С билетами в кармане Мухин еще раз пересек полгорода и появился в буфете, где молодые и проголодавшиеся студенты захватили все столики. Алексея это не смутило, он перехватил Татьяну, возвращавшуюся с пустым подносом, посреди зала, чего раньше никогда не делал, но решимость окончательно освободиться была столь велика, что он уже видел ее чужой, ничем с ним не связанной, и потому не побоялся подойти прямо. Двадцать раз произносил он мысленно фразы, которые скажет ей в кино: «Знаешь, Татьяна, нужно нашу историю кончать, заигрались мы, ребенок, про которого ты сказала, уверен я, не мой. Обеспечить тебя, как муж твой, я не смогу, да и, вообще, проходит все, жизнь диктует свои законы, нужно подчиняться. Спасибо тебе и не поминай лихом. Тебе со мной тоже плохо не было…» Так он скажет вечером, а пока, схватив ее за локоть, проговорил негромко:

— Я билеты взял на «Бродягу».

Татьяна удивилась, потому что Леха редко баловал ее выходами в свет. И она понимала, что это рискованно, всегда знакомые встретиться могут, но, с другой стороны, какой же женщине не хочется, чтобы взял ее мужчина смело под руку и повел на глазах у всех как жену, как невесту.

Татьяна обрадовалась:

— Погоди, сейчас я.

Он вышел в коридор и дождался ее.

— На какой сеанс? — подбежала она, улыбаясь.

— На завтра.

— Завтра я не могу. Ты же знаешь.

Знал, конечно, однако такой уж степени озлобления достигло отношение его к недавно любимой Татьяне, что вспыхнул: «Ишь, как мужа боится! Все мне врала, сама его ни за что не бросит. Больно богатая кормушка. Все врет. Тем лучше. Конец так конец. Хватит с меня бабских штучек. Нарочно меня изводит».

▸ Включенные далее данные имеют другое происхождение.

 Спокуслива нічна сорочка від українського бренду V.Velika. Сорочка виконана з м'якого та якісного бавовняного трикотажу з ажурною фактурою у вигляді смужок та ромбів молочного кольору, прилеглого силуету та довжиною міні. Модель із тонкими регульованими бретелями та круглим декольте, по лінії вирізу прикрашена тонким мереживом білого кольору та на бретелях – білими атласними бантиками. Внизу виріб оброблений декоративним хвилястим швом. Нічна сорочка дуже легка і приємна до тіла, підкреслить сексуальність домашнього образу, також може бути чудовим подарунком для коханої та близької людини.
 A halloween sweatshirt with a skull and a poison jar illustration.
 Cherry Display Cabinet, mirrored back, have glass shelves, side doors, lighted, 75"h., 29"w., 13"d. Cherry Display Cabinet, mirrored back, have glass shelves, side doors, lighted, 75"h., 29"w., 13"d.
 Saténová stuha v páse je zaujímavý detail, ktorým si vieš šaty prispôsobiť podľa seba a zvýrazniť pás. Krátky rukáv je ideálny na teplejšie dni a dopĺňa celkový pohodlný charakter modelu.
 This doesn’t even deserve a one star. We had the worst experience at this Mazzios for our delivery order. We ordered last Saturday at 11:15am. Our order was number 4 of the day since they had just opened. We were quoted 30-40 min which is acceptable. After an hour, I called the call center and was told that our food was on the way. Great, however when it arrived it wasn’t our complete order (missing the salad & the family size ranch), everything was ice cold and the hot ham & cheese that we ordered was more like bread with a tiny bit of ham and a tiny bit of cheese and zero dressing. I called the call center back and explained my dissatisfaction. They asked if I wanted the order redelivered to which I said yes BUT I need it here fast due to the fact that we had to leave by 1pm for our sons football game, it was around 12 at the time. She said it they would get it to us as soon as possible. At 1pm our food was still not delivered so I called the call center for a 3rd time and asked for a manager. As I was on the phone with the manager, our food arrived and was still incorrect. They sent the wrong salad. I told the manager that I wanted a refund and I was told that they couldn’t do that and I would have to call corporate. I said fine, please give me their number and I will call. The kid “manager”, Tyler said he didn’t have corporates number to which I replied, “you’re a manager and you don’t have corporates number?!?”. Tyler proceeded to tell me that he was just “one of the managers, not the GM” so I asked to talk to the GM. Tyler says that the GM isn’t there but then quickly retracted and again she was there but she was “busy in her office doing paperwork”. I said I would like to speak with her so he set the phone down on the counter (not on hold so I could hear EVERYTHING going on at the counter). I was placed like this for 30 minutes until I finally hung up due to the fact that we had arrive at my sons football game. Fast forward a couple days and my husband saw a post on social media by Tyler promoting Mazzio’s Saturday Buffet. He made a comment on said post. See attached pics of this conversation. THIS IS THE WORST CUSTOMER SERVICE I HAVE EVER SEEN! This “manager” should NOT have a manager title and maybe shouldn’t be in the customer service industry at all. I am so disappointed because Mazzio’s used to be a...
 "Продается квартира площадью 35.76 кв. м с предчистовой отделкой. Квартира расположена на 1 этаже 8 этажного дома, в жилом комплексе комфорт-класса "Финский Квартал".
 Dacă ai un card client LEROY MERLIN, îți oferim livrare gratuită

— Дело хозяйское. Не хочешь — не ходи.

— Да не могу ж я.

— Не хочешь.

И зашагал по коридору, как будто уже объяснился. Собственно, для него объяснение это давно состоялось.

Она сделала шаг следом, но много людей толкалось в коридоре, и не было никакой возможности догнать, поговорить.

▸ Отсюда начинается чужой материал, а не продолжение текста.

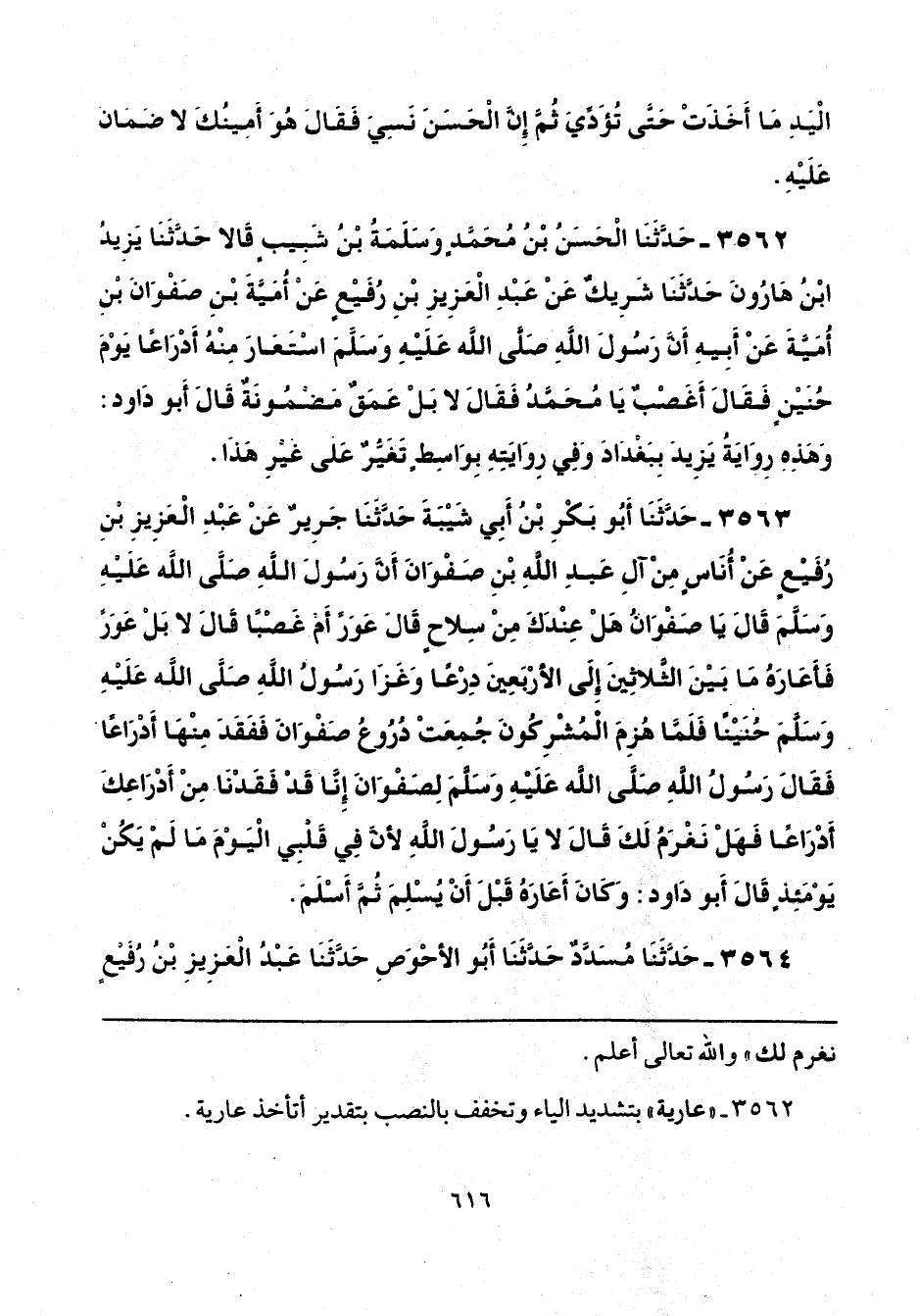 3562 - حَدَّثَنَا الْحَسَنُ بْنُ مُحَمَّدٍ، وَسَلَمَةُ بْنُ شَبِيبٍ، قَالَا: حَدَّثَنَا يَزِيدُ بْنُ هَارُونَ، حَدَّثَنَا شَرِيكٌ، عَنْ عَبْدِ الْعَزِيزِ بْنِ رُفَيْعٍ، عَنْ أُمَيَّةَ بْنِ صَفْوَانَ بْنِ أُمَيَّةَ، عَنْ أَبِيهِ، أَنَّ رَسُولَ اللَّهِ صَلَّى اللهُ عَلَيْهِ وَسَلَّمَ اسْتَعَارَ مِنْهُ أَدْرَاعًا يَوْمَ حُنَيْنٍ فَقَالَ: أَغَصْبٌ يَا مُحَمَّدُ، فَقَالَ: «لَا، بَلْ عَمَقٌ مَضْمُونَةٌ»، قَالَ أَبُو دَاوُدَ: «وَهَذِهِ رِوَايَةُ يَزِيدَ بِبَغْدَادَ وَفِي رِوَايَتِهِ بِوَاسِطٍ تَغَيُّرٌ عَلَى غَيْرِ هَذَا».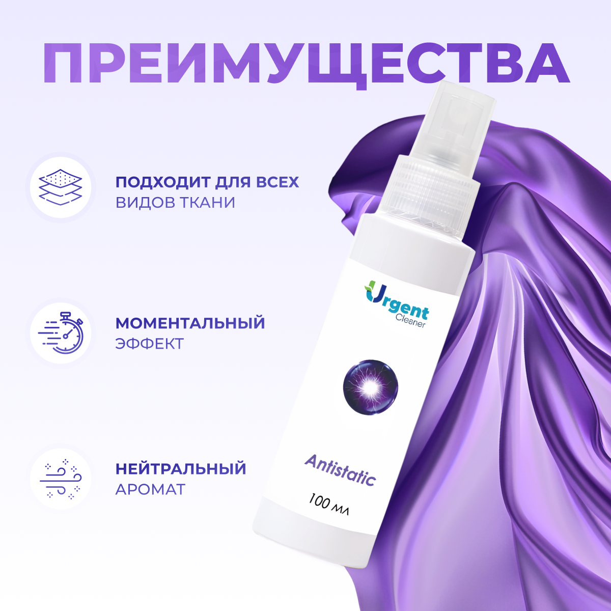 Антистатик Urgent, спрей для одежды, белья и мебели, фиолетовый, 100мл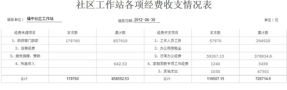 福中社区工作站各项经费收支情况表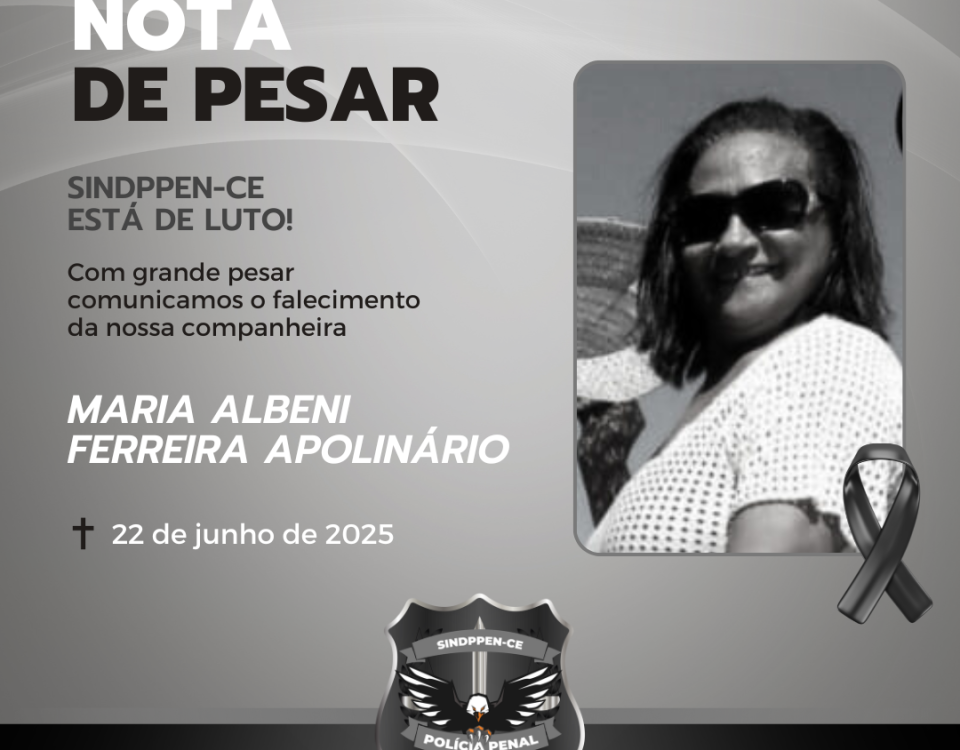 É com profundo pesar que a Diretoria do Sindppen-Ce recebe a notícia do falecimento da policial penal Maria Albeni Ferreira Apolinário, ocorrido neste domingo, 22 de […]

А Муха тут же на улице зашел в кабину телефона-автомата и позвонил Ирине:

— Иринка! Хочешь «Бродягу» посмотреть? Я достал билеты.

— Я видела, Леша, и мне эта картина не особенно понравилась.

— Не понравилась? Точно, ерунда, — согласился Муха охотно, хотя сам смотрел «Бродягу» с удовольствием. — И чего только народ ломится…

— Ты долго простоял за билетами?

— Да нет, пустяки. У нас через профком брали, — соврал Мухин с ходу. — Я взял на всякий случай. Отдам. Из рук вырвут. Разве мне кино нужно? Не виделись мы с тобой давно.

Два этих разговора если и не решили, то отодвинули, упростили проблемы, стоявшие перед Мухиным, внесли кажущуюся ясность и известное успокоение. Вечером он сказал Курилову:

— Знаешь, с Танькой все само собой получается. Пригласил ее в кино, не захотела идти.

— Везет тебе, — откликнулся Вова сдержанно.

— Это, точно, я везучий. Главное — не психовать. Вот сдали чуть нервы, и мы уже с тобой в панику ударились. Нужно уметь ждать, все и образуется, как Лев Толстой говорил. А ты, Вова, заводной, сразу такое придумал!

— Для тебя ж, дуралея.

— Да хоть и для меня? Некрасиво мы спланировали.

— Ну, если с мещанской точки зрения…

— Почему — с мещанской?

— С точки зрения предрассудков.

— А без предрассудков, что?

— Если без предрассудков, то не вижу ничего предосудительного. Чего твоя Татьяна добивается? Связать с тобой жизнь, так?

— Ну, так.

— Значит, о всей твоей жизни речь идет. Так?

— Ну…

— Так почему же ты не имеешь права, прежде чем свяжешь себя, проверить, с кем тебе жить придется?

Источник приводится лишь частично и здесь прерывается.